*WORK ITEM*:
Using the records below, copy exactly the part that opens with the line holding "本次比赛,中国足球彩票:参加" and closes with the line holding "iStyles Nintendo Switch", minus the pictures.

━━━

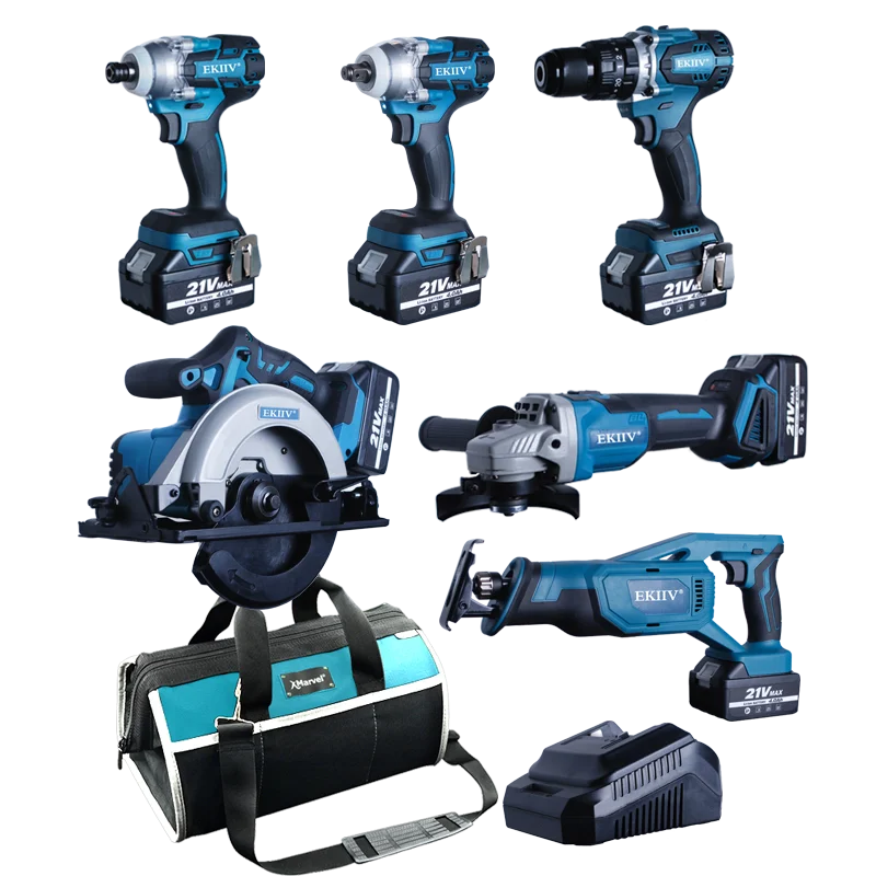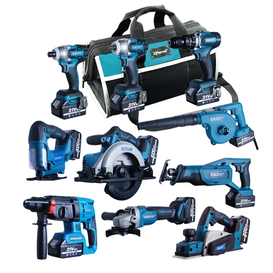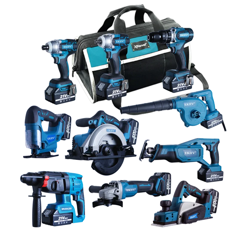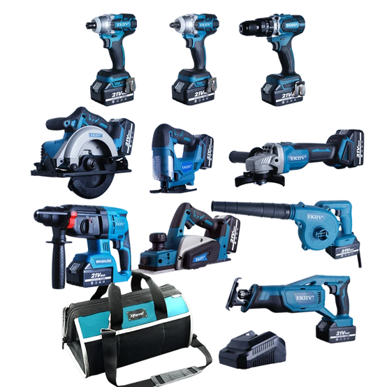 | CK2109 | Cordless brushless impact drill + Cordless brushless impact screwdriver +Cordless brushless impact wrecnch+Cordless brushless angle grinder+Cordless circular saw +Cordless reciprocating saw+Cordless blower+Cordless brushless rotary hammer +Cordless jig saw+ 4*4.0 Abattery + 3*2.0A Fast charger +2*18 inch bag |
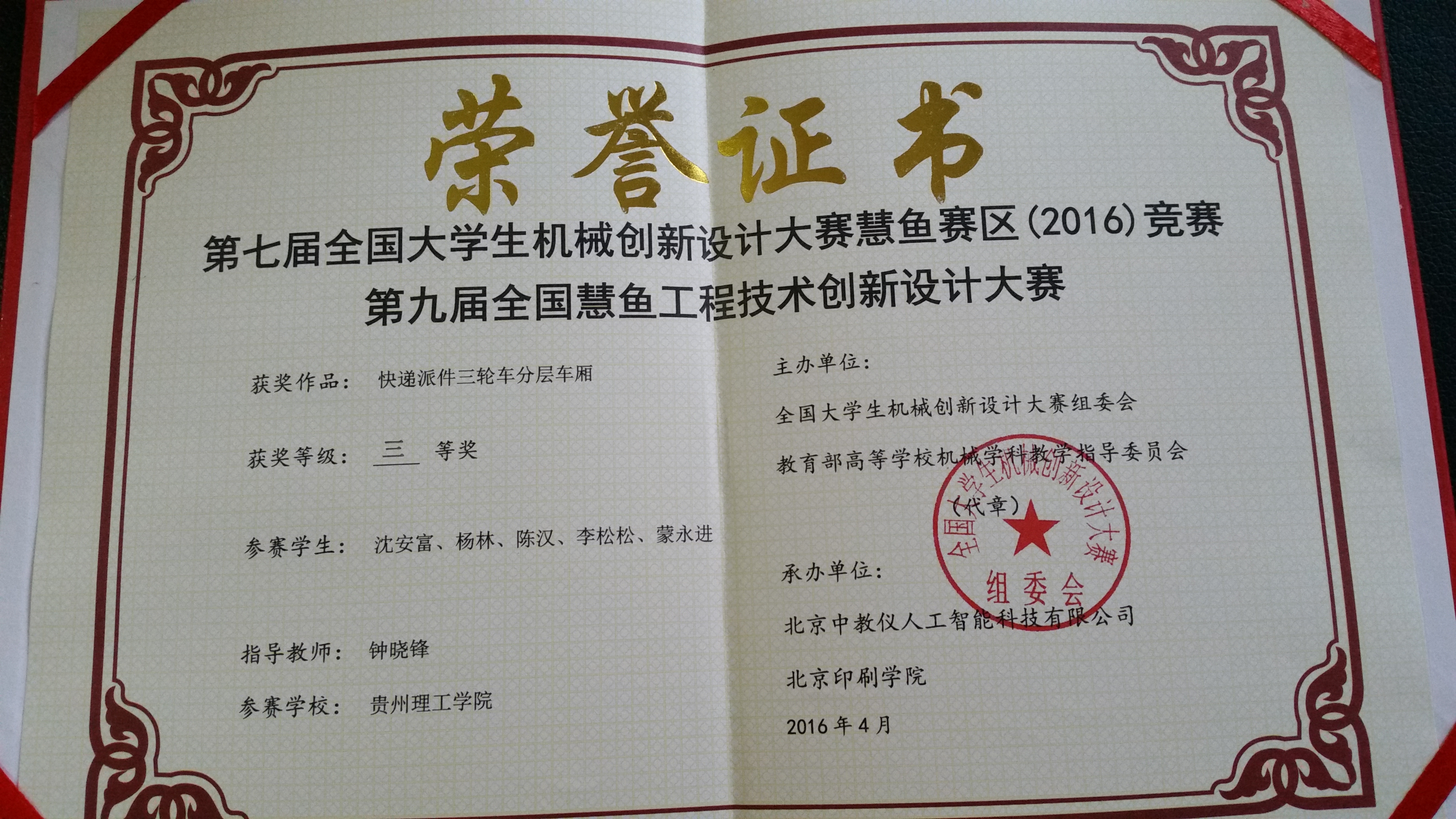 本次比赛,中国足球彩票:参加决赛。在钟晓锋老师的指导下,经过长时间的精心准备,沈安富等同学设计制作的“快递派件三轮车分层车厢”与其他高校在北京印刷学院同台竞赛。该作品以其独特的结构设计得到了专家们的青睐,获得了全国三等奖的优异成绩。
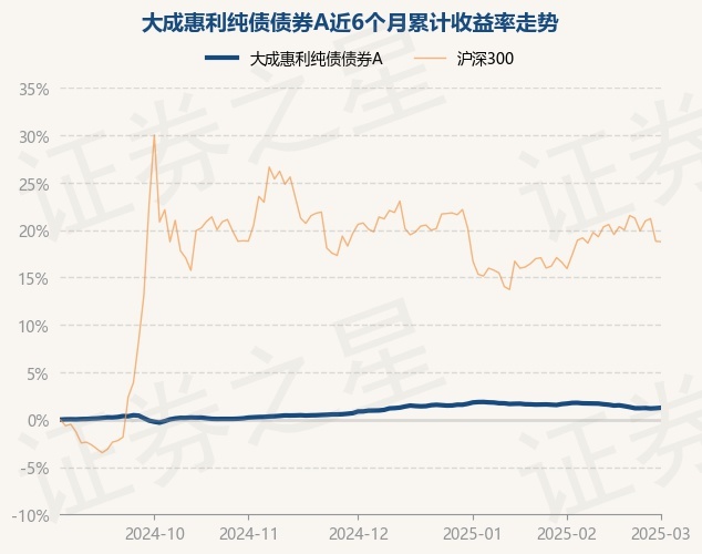 证券之星消息,3月3日,大成惠利纯债债券A最新单位净值为1.0151元,累计净值为1.305元,较前一交易日上涨0.05%。历史数据显示该基金近1个月下跌0.38%,近3个月上涨0.38%,近6个月上涨1.25%,近1年上涨3.18%。该基金近6个月的累计收益率走势如下图:
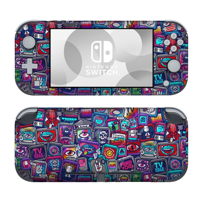 iStyles Nintendo Switch Lite Skin design of Pattern, Font, Art, Visual arts, Collection, with red, blue, black, gray, purple, yellow, white, green colors, and tagged with patterns, objects, signs, skulls, illustration, modern, skull, tattoo, thenewgods, tv, vector.
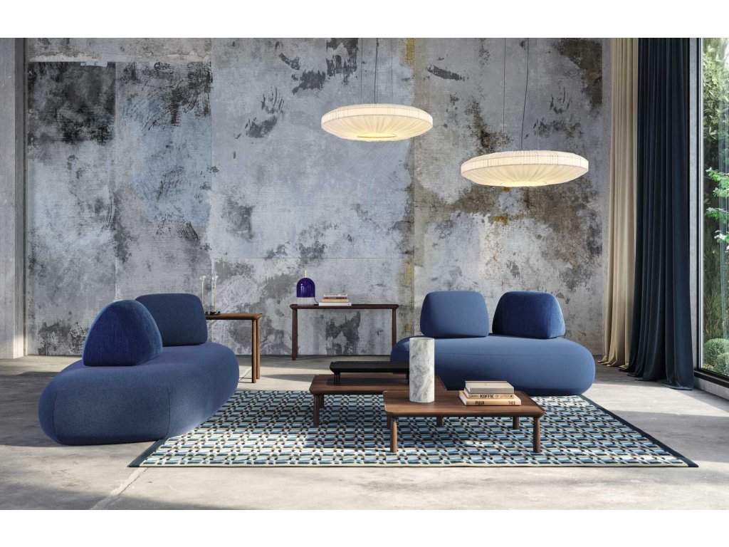 TELEN evokuje japonské zenové zahrady a jejich kameny nahromaděné na pláži. Veškerá kulatost, jemnost, ženskost, tato pohovka - kterou lze téměř klasifikovat jako organickou - má vznešeně dekorativní vzhled. Dvě základní části jeho designu se buď spojují, nebo zůstávají nezávislé, což umožňuje každému jednotlivci personalizovat a tak zvětšit jeho vnitřní prostor. Tato pohovka, jejíž struktura je vyrobena z tenkého panelu a která spočívá na malých neviditelných kluzácích, je téměř celá vyrobena z pěn různé hustoty. Opěrné polštáře, samy o sobě zaobleného tvaru, jsou vyrobeny ze dvou asymetrických úhlů, které poskytují rovný sklon pro formálnější sezení a jeden zaoblenější pro uvolněnější polohu ve stylu lenošení. Jsou zatíženy 15 mm silnou překližkovou deskou, která zajišťuje hladký povrch protiskluzového materiálu.
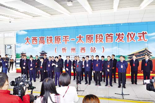 圖為大西高鐵原平至太原段首發(fā)儀式在忻州西站舉行,省人大常委會副主任、市委書記李俊明宣布高鐵開通并發(fā)出發(fā)車指令。本報記者 宮愛文 攝
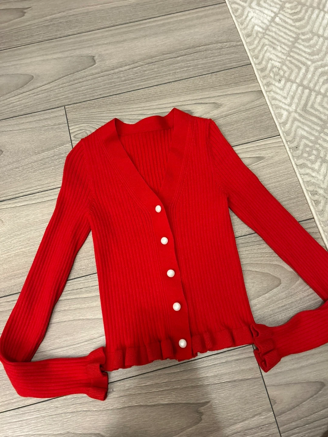 Here's a cute red cardigan with white buttons! It's in great condition and would be a stylish addition to any wardrobe
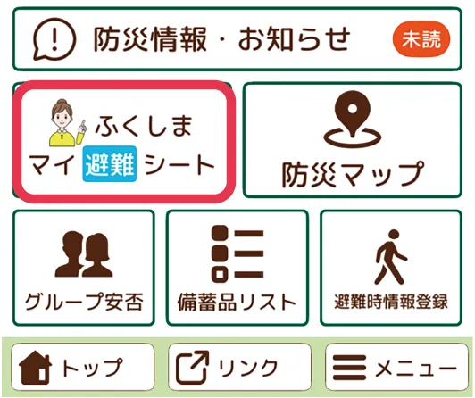 - ❶トップ画面から「マイ避難シート」を
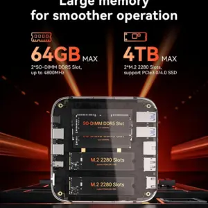 This mini computer comes with 32GB DDR5 memory (dual-channel expandable up to 64GB) and a fast 1TB PCle SSD, enabling smooth multitasking and high-performance operations. For even greater storage, you can easily add a 2.5″ SSD (not included) to expand up to 4TB, giving you the flexibility to meet your growing work and entertainment needs.
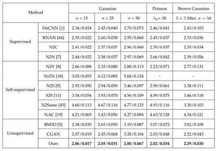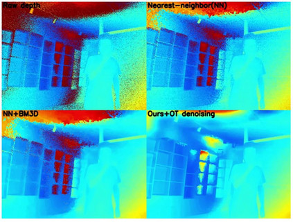 最近,深度相机变得越来越流行,而由于成像机理的不同,深度图像的噪声比RGB图像大得多。此外,由于场景中对象的反射率和透明度较低,深度图像中通常存在空洞(无效像素)。该实验中使用了一台ToF深度相机采集了1430张原始深度图像作为训练和测试集,并使用仿真的SUNCG数据集作为参考的干净图像。图7展示了重建结果的视觉比较,所提出方法可以取得最佳的去噪结果。
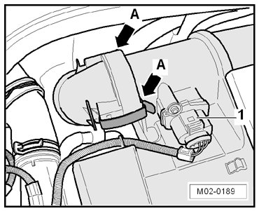 - Release the clamp from the mass air flow (MAF) sensor - arrow B - with the spring-type clip pliers (VAS 5024A) and push it back.
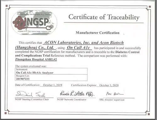 艾科糖化血红蛋白检测产品再次获得NGSP认证证书!
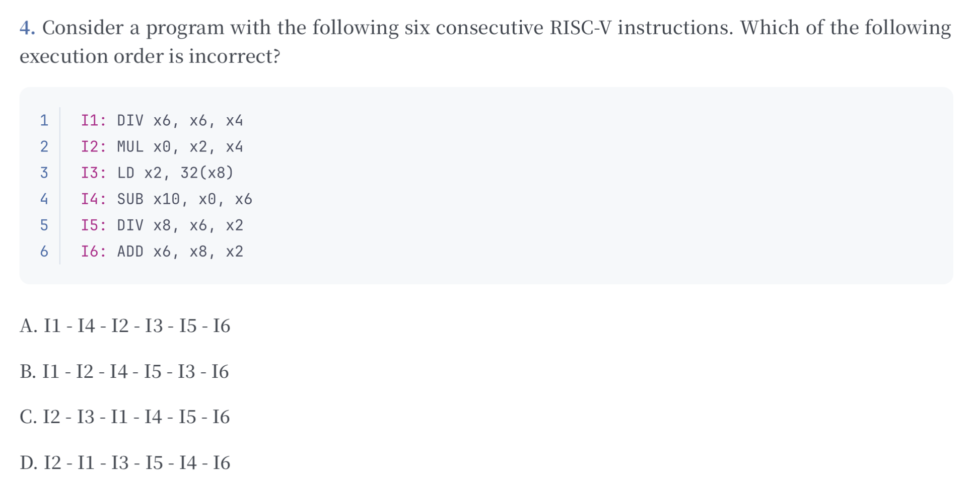 回顾一下冒险(hazard) 的概念:当指令间存在名称或数据依赖时,如果这样的指令足够接近,能够被重叠执行的话,那么就可能会改变访问和依赖相关的操作数的顺序,此时冒险就发生了。为了避免冒险的发生,在并行时必须保留那些会影响到程序执行结果的程序顺序(program order),即按源程序顺序来执行指令的顺序。
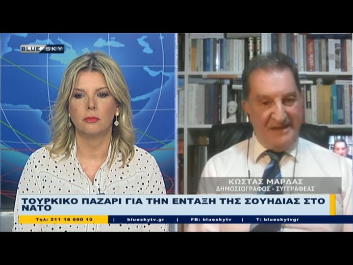 “O Ερντογάν πουλάει τρέλα… Και τους γλεντάει, καθώς νοιώθει ισχυρός ως πολιτικός και… θρησκευτικός ηγέτης με το 52% », σχολίασε χθες ο Κώστας Μαρδάς στο δελτίο ειδήσεων του BLUE SKY με τη Λίνα Κλείτου, αναφερόμενος στην νικηφόρα -τελικά- απαίτηση του Τούρκου Προέδρου να ενταχθεί η Τουρκία στην Ευρωπαϊκή Ένωση για να άρει το βέτο στην ένταξη της Σουηδίας στο ΝΑΤΟ, που ήταν το βασικό θέμα της συνόδου κορυφής η οποία ξεκίνησε χθες και λήγει σήμερα στο Βίλνιους της Λιθουανίας.
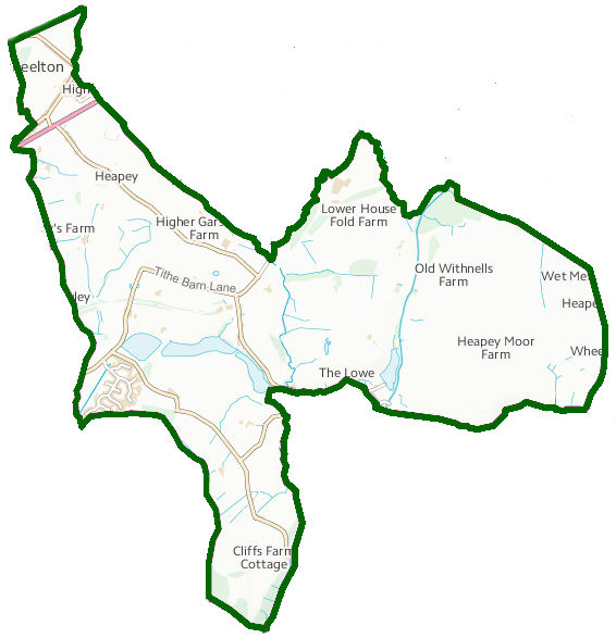 Heapey Parish Parish covers the settlements of Heapey, Heapey Chase, and part of Lower Wheelton, and includes the roads of Kenyon Lane, Blackburn Road (part), Chapel Lane, Tithe Barn Lane, Coppice Lane, Higher House Lane and Hollin Lane.
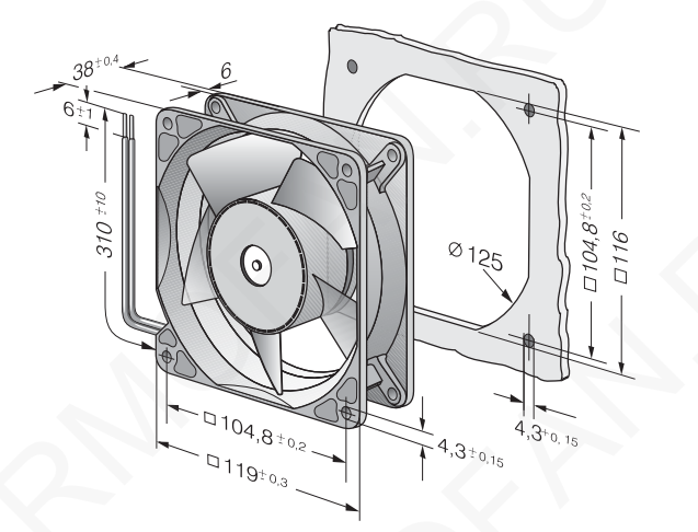 Компактный осевой вентилятор постоянного тока, выпуск воздуха через крепежные поперечины, подключение с помощью одножильных проводов сечением AWG 22 UL 1007, TR 64, корпус с выводом для заземления под винт М4 х 8 (Torx), сигнал контроля скорости, сигнал нормального / ненормального режима работы, внешний/ внутренний датчик температуры, вход для аналогового управляющего сигнала, защита от влаги, степень защиты IP 20/ IP 54. Номинальное напряжение 12 В, воздушный поток 355 м3/час.
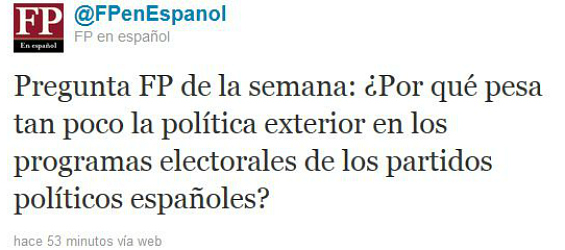 Es innecesario que los políticos actúen como si fueran periodistas. A un político no se le exige (en público) una primicia que no tenga que ver con él directamente, es decir, que no sea primicia suya. Sobre un hecho: una valoración, una respuesta o una medida a tomar. Javier Solana mató a Ariel Sharon. ¿Por qué? ¿Qué necesidad tenía? No será el último. Cada día de fútbol, personajillos de la política se dedican a tuitear lo que pasa en el campo… y ven desde la televisión. Llevamos días leyendo tuits de políticos anunciando la dimisión de Papandreu en Grecia. Bien. ¿Qué soluciones plantearían para los griegos? De eso no tenemos pero, eso sí, seremos los primeros en anunciar la dimisión. Es una cuestión de credibilidad.
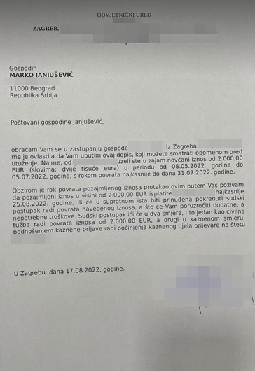 – Poštovani gospodine Janjušević, obraćam vam se u zastupanju gospođe (ime poznato redakciji) iz Zagreba, koja me je ovlastila da vam uputim ovaj dopis koji možete smatrati opomenom pred utuženje. Naime, od gospođe (ime poznato redakciji) uzeli ste u zajam novčani iznos od 2,000 evra, u periodu od 08,05,2022, godine do 05,07,2022, godine sa rokom povrata najkasnije do dana 31,07,2022, godine. Obzirom, da je rok povrata pozajmljenog iznosa protekao, ovim putem vas pozivam da pozajmljeni iznos u visini od 2,000 evra isplatite gospođi (ime poznato redakciji) najkasnije 25,08,2022, godine, ili će u suprotnom ista biti prinuđena pokrenuti sudski postupak radi povrata navedenog iznosa, a što že vam prouzrokovati dodatne, a nepotrebne troškove. Sudski postupak ići će u dva smera i to jedan kao civilna tužba, radi povrata iznosa od 2,000 evra, a drugi u kaznenom smeru, podnošenjem kaznene prijave radi počinjenog kaznenog dela prevare na štetu gospođe (ime poznato redakciji).
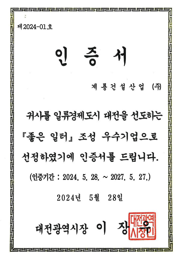 | 2024년 5월 | 대전광역시 | 좋은 일터 조성 우수기업 |
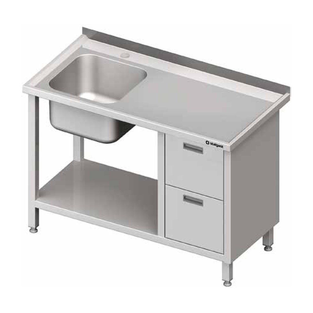 Stůl s jednokomorovým dřezem, blokem dvou zásuvek a policí vyrobený z nerezové oceli. Otvor pro baterii o průměru 33 mm (zaslepený) na středu komory. Komora o rozměrech 400x500x250 mm. Možnost montáže zámku a tvorby otvoru pro drtič odpadů za příplatek. Komora a police umístěna z levé strany, blok zásuvek z pravé strany. Výška zásuvek 200 mm.Doplňkové parametry
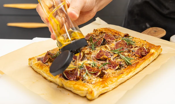 Запекайте пирог в духовке, разогретой до 180 °C (режим «верх/низ» + конвекция), примерно 20 минут — до полной готовности теста. Украсьте готовый пирог веточками розмарина и полейте мёдом.
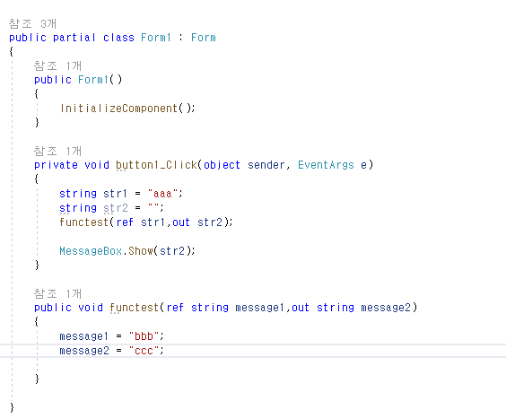 위 그림3을 보면 파라미터로 str1 을 넘기는곳과 받는곳 모두 ref 를 앞에 붙여줬는데 이경우 참조복사로 변경되어 최종결과값이 "bbb" 로 출력된다.
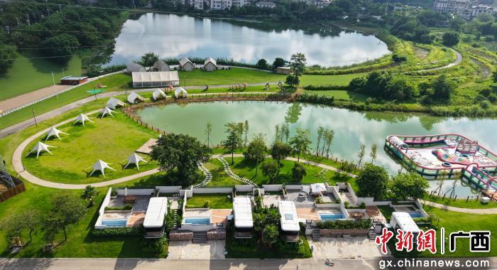 玉林高新区茂林镇鹿塘社区通过文旅融合与环境整治,提升了社区“颜值”与居民生活品质。图为鹿塘社区朝阳里营地。玉林市融媒体中心供图

━━━

*RESULT*:
 本次比赛,中国足球彩票:参加决赛。在钟晓锋老师的指导下,经过长时间的精心准备,沈安富等同学设计制作的“快递派件三轮车分层车厢”与其他高校在北京印刷学院同台竞赛。该作品以其独特的结构设计得到了专家们的青睐,获得了全国三等奖的优异成绩。
 证券之星消息,3月3日,大成惠利纯债债券A最新单位净值为1.0151元,累计净值为1.305元,较前一交易日上涨0.05%。历史数据显示该基金近1个月下跌0.38%,近3个月上涨0.38%,近6个月上涨1.25%,近1年上涨3.18%。该基金近6个月的累计收益率走势如下图:
 iStyles Nintendo Switch Lite Skin design of Pattern, Font, Art, Visual arts, Collection, with red, blue, black, gray, purple, yellow, white, green colors, and tagged with patterns, objects, signs, skulls, illustration, modern, skull, tattoo, thenewgods, tv, vector.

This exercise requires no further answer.